A court date was announced on Friday for an elementary school teacher who was arrested after hundreds of snakes, many of them dead, were found in his Santa Ana home in January.
William Frederick Buchman, 53, was due in court Monday morning for arraignment on one felony count of animal abuse by a caretaker, the Orange County District Attorney’s Office announced Friday.
He was accused of “hoarding and improperly housing” hundreds of snakes, the DA’s office stated.
Santa Ana police responded to Buchman’s home on Jan. 29 after neighbors complained about a foul, nauseating smell coming from the home.
Neighbors said at the time of the arrest that they had noticed the smell about six months before the home was raided. Police described the home as “unbelievable,” with rotting food, bottles of human urine on the floor and rodents feces all over.
Buchman, a teacher in the Newport Beach school district, was accused of hoarding more than 400 ball pythons in the home and failing to property care for them, the DA’s office stated.

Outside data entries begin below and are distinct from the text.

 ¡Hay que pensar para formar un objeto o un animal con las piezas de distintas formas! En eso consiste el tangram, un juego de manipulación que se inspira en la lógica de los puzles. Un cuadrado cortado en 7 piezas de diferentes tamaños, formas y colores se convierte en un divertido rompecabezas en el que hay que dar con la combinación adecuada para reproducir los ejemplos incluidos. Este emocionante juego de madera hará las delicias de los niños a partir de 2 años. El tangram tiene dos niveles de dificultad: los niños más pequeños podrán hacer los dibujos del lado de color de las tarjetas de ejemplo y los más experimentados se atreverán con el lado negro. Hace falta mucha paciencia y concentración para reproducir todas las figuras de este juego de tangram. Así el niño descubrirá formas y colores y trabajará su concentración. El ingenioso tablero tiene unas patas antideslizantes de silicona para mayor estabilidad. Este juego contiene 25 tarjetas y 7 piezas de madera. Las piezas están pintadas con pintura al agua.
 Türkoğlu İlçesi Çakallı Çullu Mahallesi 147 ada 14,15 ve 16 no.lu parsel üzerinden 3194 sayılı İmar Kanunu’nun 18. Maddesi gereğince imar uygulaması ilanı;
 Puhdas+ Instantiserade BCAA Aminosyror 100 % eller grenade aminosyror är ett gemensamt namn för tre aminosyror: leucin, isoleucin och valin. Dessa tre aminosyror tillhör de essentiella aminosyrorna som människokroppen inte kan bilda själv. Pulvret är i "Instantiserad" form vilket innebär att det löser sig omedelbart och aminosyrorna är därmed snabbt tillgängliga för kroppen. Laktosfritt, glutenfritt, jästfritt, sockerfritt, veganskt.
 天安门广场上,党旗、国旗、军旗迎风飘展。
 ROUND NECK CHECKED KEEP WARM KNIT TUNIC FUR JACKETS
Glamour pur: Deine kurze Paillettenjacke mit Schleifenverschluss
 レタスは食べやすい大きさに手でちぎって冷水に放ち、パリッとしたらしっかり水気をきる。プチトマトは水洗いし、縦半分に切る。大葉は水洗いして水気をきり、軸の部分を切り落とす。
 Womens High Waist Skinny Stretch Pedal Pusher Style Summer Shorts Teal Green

Some 240 of the snakes were dead and decomposing, the DA’s office said and video from the home showed.
More than 180 snakes were alive but malnourished, dehydrated and “covered with mites and/or maggots,” and 20 of them died after being impounded, the DA’s office stated.
Hundreds of mice, used as food for the snakes, were in the house as well.
The remaining 162 were treated and released to Southern California animal rescue groups.
Buchman was out of custody on his own recognizance.